As security is an ever present issue we thought we would highlight some security features offered by the PDF file format that can be enabled if you want to control or limit which actions users can perform. This blog post will cover what type of actions you can prevent and some different authentication techniques that can be implemented to increase the security of your PDF.
What can be controlled?
Before we dive into the different security options available I thought it would be useful to provide examples of what actions you can control which include limiting who can:
- View the content
- Add/modify text annotations
- Fill in interactive form fields (including signature fields)
- Print the document
- Add comments
- Modify the content
- Extract content including graphics and text
- etc.
It is worth noting that you cannot stop people from saving a PDF.
Encryption
The PDF File structure already provides a certain level of security for the content before being encrypted due to the data being stored in a binary format. This means it can’t be easily hacked like a normal text format. You can open it in a text reader to view but it can be difficult to understand if you do not understand how PDF files are structured internally.
On top of that you can encrypt your files to help prevent further unauthorized access. Encrypting a PDF file means that the majority of Strings and Streams that make up your content will be encrypted. There are some String/Stream exceptions though that cannot be encrypted like the String values in the Encrypt dictionary as it needs to be able to read these in order to decrypt the file.

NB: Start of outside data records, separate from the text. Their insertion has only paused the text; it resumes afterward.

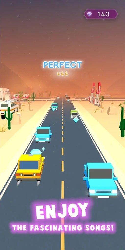 想象一下驾驶着心爱的汽车,在充满节奏感的道路上飞驰,耳边回荡着振奋人心的音乐,这种自由自在的感觉令人陶醉。游戏精心设计的驾驶体验让玩家全程都能保持放松愉悦的心情,完全沉浸在音乐与驾驶的完美结合中。道路上穿梭着五颜六色的其他车辆,为游戏增添了更多视觉乐趣。这些色彩斑斓的车辆不仅丰富了游戏画面,也让驾驶过程更加生动有趣。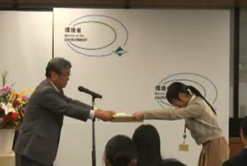 本校からは、2名の代表児童が参加しました。表彰後には、活動内容「守ろう!野鳥がすみ続ける『ふるさと生平』」を発表しました。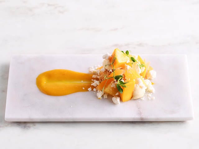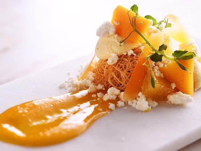 マンゴーと柑橘を合わせたカダイフ(極細の綿状の生地)の軽いタルトには、3種のチーズをトッピング。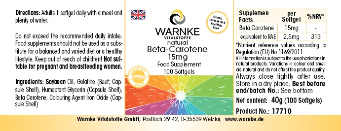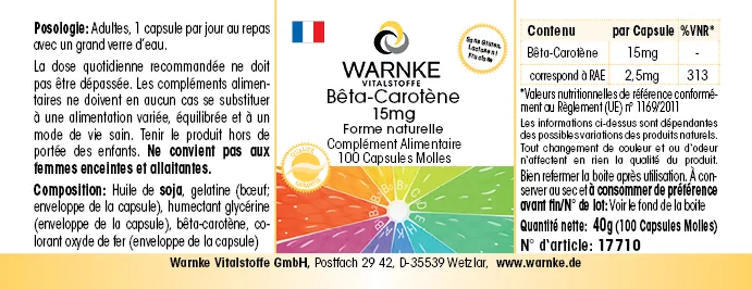 Huile de soja, gélatine (bœuf: enveloppe de la gélule), bêta-carotène, glycérine, oxyde de fer (enveloppe de la gélule)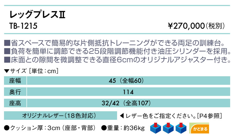製品の仕様 クッション厚 3cm 重量 約36kg 幅 45cm(全幅60) 奥行 114cm 座高 32/42cm(全幅107) 組立の有無 組立済み 強度レベル(メーカー指標 5段階) 1つのアイコンに対し製品強度(等分布荷重)は100kgです。 配送について 大型商品(大型宅配便)について お届けは玄関の前まで、ビルやマンションの場合は共同玄関口までの配達となります。配達員は1名でお伺いをいたしますので、トラックからの荷下ろし、 搬入が困難な場合、お客様にお手伝いをお願いしております。 再配達について 路線便での配送となるため、不在時の持ち帰りや再配達の際に別途費用が発生します。ご不明な点はお問い合わせください。 搬入・設置組立について 時間指定や階段を利用しての搬入、設置組立をご希望の場合も別途費用が発生します。必要な場合は予めご相談ください。 個人宅への配送について ご注文時の備考欄に(施設名・屋号・予定名称)をご記入ください。お届け先が個人様宛の場合、別途送料が必要です。 北海道・沖縄・離島へのお届けについて 追加送料が発生します。法人様につきましても追加送料分のご負担が必要です。 サポート情報 ※メーカー希望小売価格はメーカーカタログに基づいて掲載しています。TB-1215 レッグプレスII 省スペースで簡易的な片側抵抗トレーニングができる両足の訓練台。負荷を簡単に調節できる25段階調節機能付き油圧シリンダーを採用。床面との隙間を微調整できる直径6cmのオリジナルアジャスター付き。 製品の特徴 レザーカラーは18色のオリジナルレザーからお選びいただけます。 メディカル専用に開発された5つの特性を持つ高耐久ビニルレザーです。 フレーム塗装に粉体塗装を採用!木材は全てF☆☆☆☆で安全安心です。 高田ベッド製作所正規特約店のエンバシーで安心をプラス! ご注文はこちらから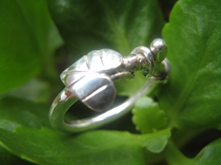 然後利用一塊剩餘的小銀片鋸成葉子 再將銀葉片放在凹槽內打成弧形 最後利用線鋸割出葉脈絡 再將較細的銀線與葉片焊接成一條藤蔓 隨後將藤蔓纏繞在單指環上 再將末端的銀線捲成藤鬚 一只花戒就完成了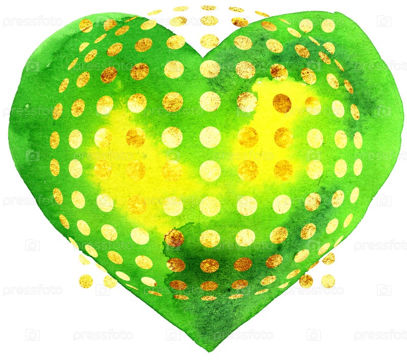Акварель текстурированное зеленое сердце с золотыми штрихами

How is data encrypted you ask? Well PDFs utilize a security handler which is an extension of the encryption object that implements various aspects of the encryption process. It also enforces your set permissions to control access/actions on the encrypted document.
It looks at values set in the extended Encryption Dictionary entries to ascertain the User Access Permissions to allow. Some values read would include:
- Filter – Name of the preferred Security Handler to use for decryption (has to be the one used to encrypt the document otherwise it won’t be able to open the file)
- V – An optional flag that can be used to specify the algorithm to use for encrypting/decrypting
- R – which sets the revision of the Security Handler to use
- O – Stores a 32 byte string based on user and owner passwords. Used to create an encryption key and validate the owner password
- U – Stores a 32 byte string based on just the User password. Used in determining whether to prompt the user for a password and, if so, whether a valid user or owner password was entered.
- P – A set of flags specifying which actions are allowed when the document is opened with user access
- EncryptMetadata – An optional flag you can set when encryption version 5 is used to encrypt
Authentication Methods
There are different methods you can use to allow certain groups/individuals to authenticate themselves as both the sender of a document and a recipient:
- User Password Protection – you can use a user password to simply restrict viewing of the PDF. This is the simplest method and just requires the password to be shared beforehand. The downside is that is also the most vulnerable with some tools being able to strip the password requirement from the PDF so they can view it anyway. That is why encrypting sensitive data is recommended as it adds an extra barrier to ward off unauthorized access.
- Owner Password Protection – can be set to control permissions. You cannot add or modify permissions without this password.
- Digital Signatures – Authenticates both document and sender, and protects the documents integrity by ensuring it hasn’t been modified.
- Certificates – If you know in advance the people or groups that will be allowed access to the PDF then you could also use certificates. These are used to encrypt documents with a different mechanism from a password and is more flexible as you can provide multiple certificates with different permissions for multiple users and groups. Only Recipients who are certified in advance can open PDF’s with this security feature enabled and.
And that concludes a brief overview of security features available for a PDF. For a more extensive list you can view the last publicly available version of the PDF Specification.